Sarcoidosis is a complex inflammatory disease that causes the harmful accumulation of tiny clumps of cells called granulomas in the body. In most cases, sarcoidosis manifests in the lungs and lymph nodes. However, in approximately 10% of patients, the heart is affected; This condition is known as ‘cardiac sarcoidosis (CS)’. Although relatively rare, CS can cause life-threatening complications, including arrhythmias, heart failure, or sudden cardiac death.

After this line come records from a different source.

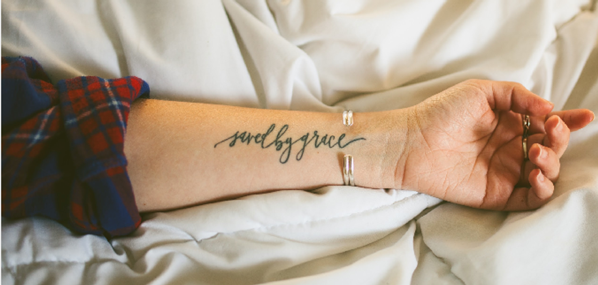 Excuse me for not striking you as the kind of person that has body art. I may not have 27 tattoos and piercings, but I do have a few that I love, that I have chosen to wear discreetly. It's not that I'm ashamed of them, it's how I grew up. My parents are pastors, and their image is everything. My parents are probably some of the most spiritual people I have ever met. So connected to God, truly it's a blessing to learn from them, and I love Jesus too—but I'm a wild child. So as much as I want to be connected to the good Lord spiritually, and be that perfect person—I'm not, and I know that I never will be.
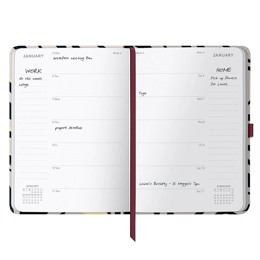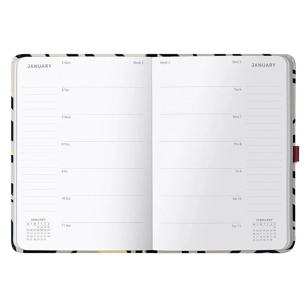 En formato A5, ideal para llevar en la cartera o usar en el escritorio, cubre el periodo de enero a diciembre 2026. Su cubierta textil premium combina elegancia, resistencia y practicidad para el uso diario.
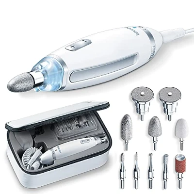 Beurer MP62 Home Manicure and Pedicure Set, Electric Nail File, 10 High Quality Attachments, For Natural, Acrylic Gel Nails, Precision Light, Fast Rotation (2000 5400rpm)
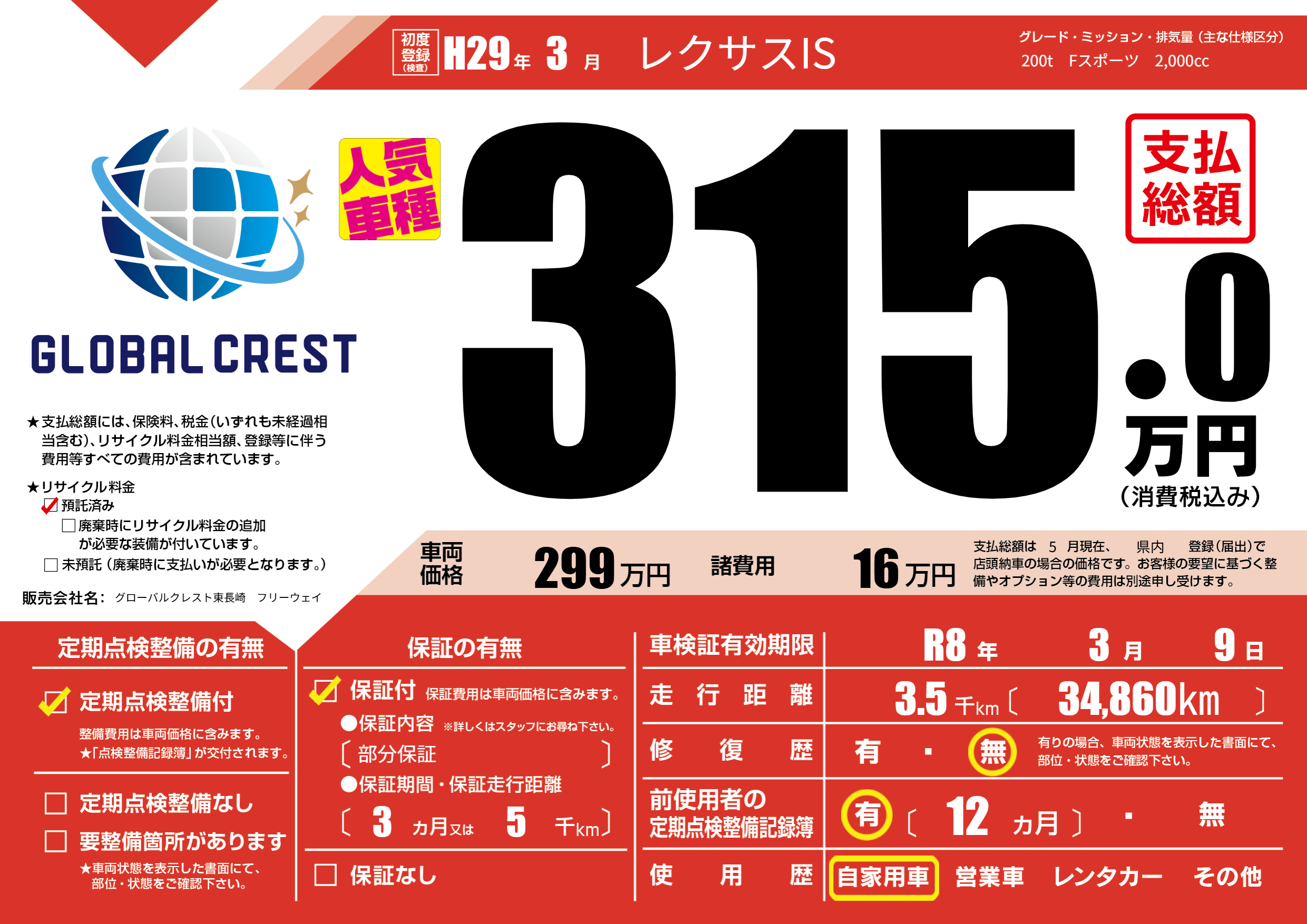 | 車名 | レクサスIS | グレード ミッション 排気量 |

A surprising aspect of CS is that the condition sometimes involves the heart alone, without clinically apparent symptoms in other organs. This is referred to as isolated CS (iCS) in contrast to the multi-organ condition called systemic CS (sCS). According to previous studies, patients diagnosed with ICS have a poorer prognosis than patients with sCS, although the latter condition involves multiple organs rather than just the heart.

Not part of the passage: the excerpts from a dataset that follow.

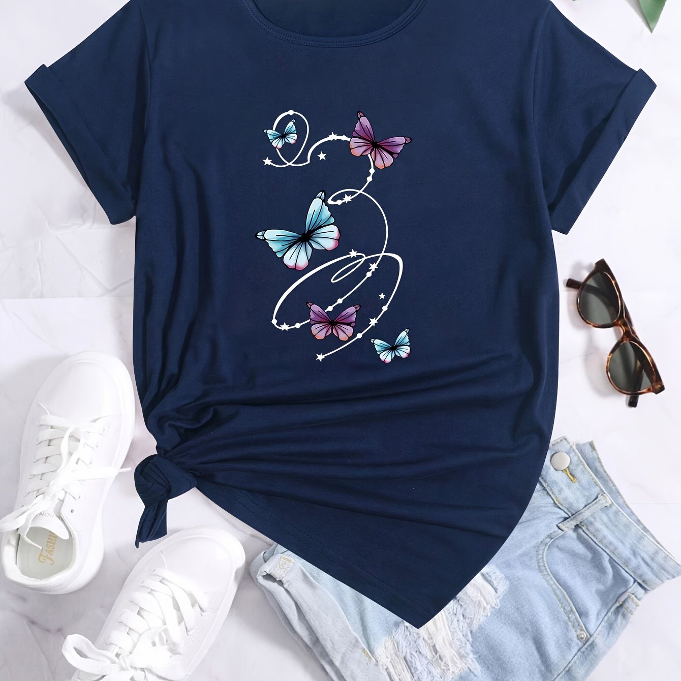 TEMU 나비 패턴 캐주얼 티셔츠, 라운드 넥 반팔 스포츠 티, 여성용 편안한 상의 그래픽
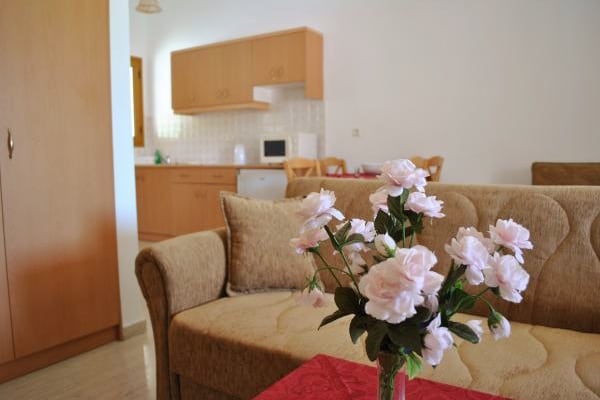 The apartment 10 is one of some in villa litsa, has one doublebedroom , balcony , privacy bathroom, livingroom and small kitchen in,is aircontitioning and there is free wi-fi . There is share swimmingpool with zacuzzi, garden with share barbeque, private parking. we are there for you in the morning , and we help you with any question you have or to make a trip plan in the islant.
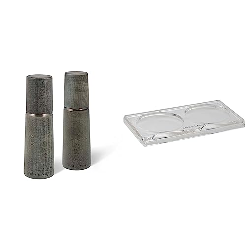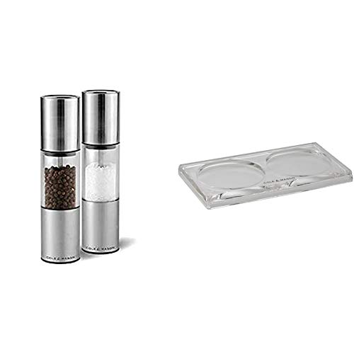 Cole & Mason H56390P Oslo Salt and Pepper Mills 185mm 2 x Salt and Pepper Grinders & H306119 Ramsgate Clear Salt and Pepper Mill Tray (H) 13mm x (W) 95mm x (D) 157mm

This seemingly contradictory finding prompted a research team to investigate the issue in more detail. Researchers led by Daiichi Maeda, assistant professor in the Department of Cardiovascular Biology and Medicine at Juntendo University Graduate School of Medicine in Japan, recently conducted a detailed statistical analysis to explain the above findings. Their research, published European Journal of Heart Failure 12 Octoberm2023, co-authored by Juntendo University’s Yuya Matsu and Tohru Minamino, among others.
The team obtained data for this study from the ‘Management Imaging and Study of Japanese Patients with Cardiac Sarcoidosis (ILLUMINATE-CS)’ cohort, a large multi-centre, retrospective cohort database. They compared prognosis and selected clinical characteristics among a total of 475 patients with ICS or SCS. The primary outcome was a composite end point including all-cause mortality, hospitalization for heart failure, and fatal ventricular arrhythmia events.

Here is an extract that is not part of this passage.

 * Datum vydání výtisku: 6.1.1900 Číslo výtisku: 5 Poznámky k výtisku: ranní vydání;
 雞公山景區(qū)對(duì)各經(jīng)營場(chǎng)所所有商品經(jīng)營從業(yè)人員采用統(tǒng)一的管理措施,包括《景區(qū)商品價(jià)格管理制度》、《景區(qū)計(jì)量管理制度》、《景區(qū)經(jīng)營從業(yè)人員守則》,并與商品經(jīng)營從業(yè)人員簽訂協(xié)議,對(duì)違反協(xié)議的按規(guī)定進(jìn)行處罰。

Analysis showed that iCS patients were more likely than sCS patients to have a history of atrial fibrillation or heart failure, as well as lower ventricular ejection fraction (LVEF) and thus more impaired heart function. According to Cox proportional hazards analysis using an unadjusted model, patients with ICS were more likely to have a worse prognosis than patients with sCS based on defined primary outcomes. However, this association disappeared when the model was adjusted for other confounding factors.
These findings have important implications, as Dr. Maeda explained: “Our findings suggest that conditions at diagnosis determine prognosis rather than whether a patient has ICS or SCS. Therefore, early detection of ICS is important, although there is little chance of suspecting the disease before symptoms appear.He added that once a patient has decreased LVEF or experienced a cardiac event, the possibility of CS should be investigated so that they can be treated with immunosuppressants. Notably, this study also showed that both iCS and sCS patients responded equally well to steroids. .Treatment
Overall, this work sheds valuable light on some intriguing aspects of CS and highlights the need for further investigation. “We hope that our present study facilitates the development of an early diagnostic tool for CS and that researchers around the world engage in research on CS.Dr. Maeda finished.
We envision a future where all forms of sarcoidosis can be diagnosed and managed in a timely manner.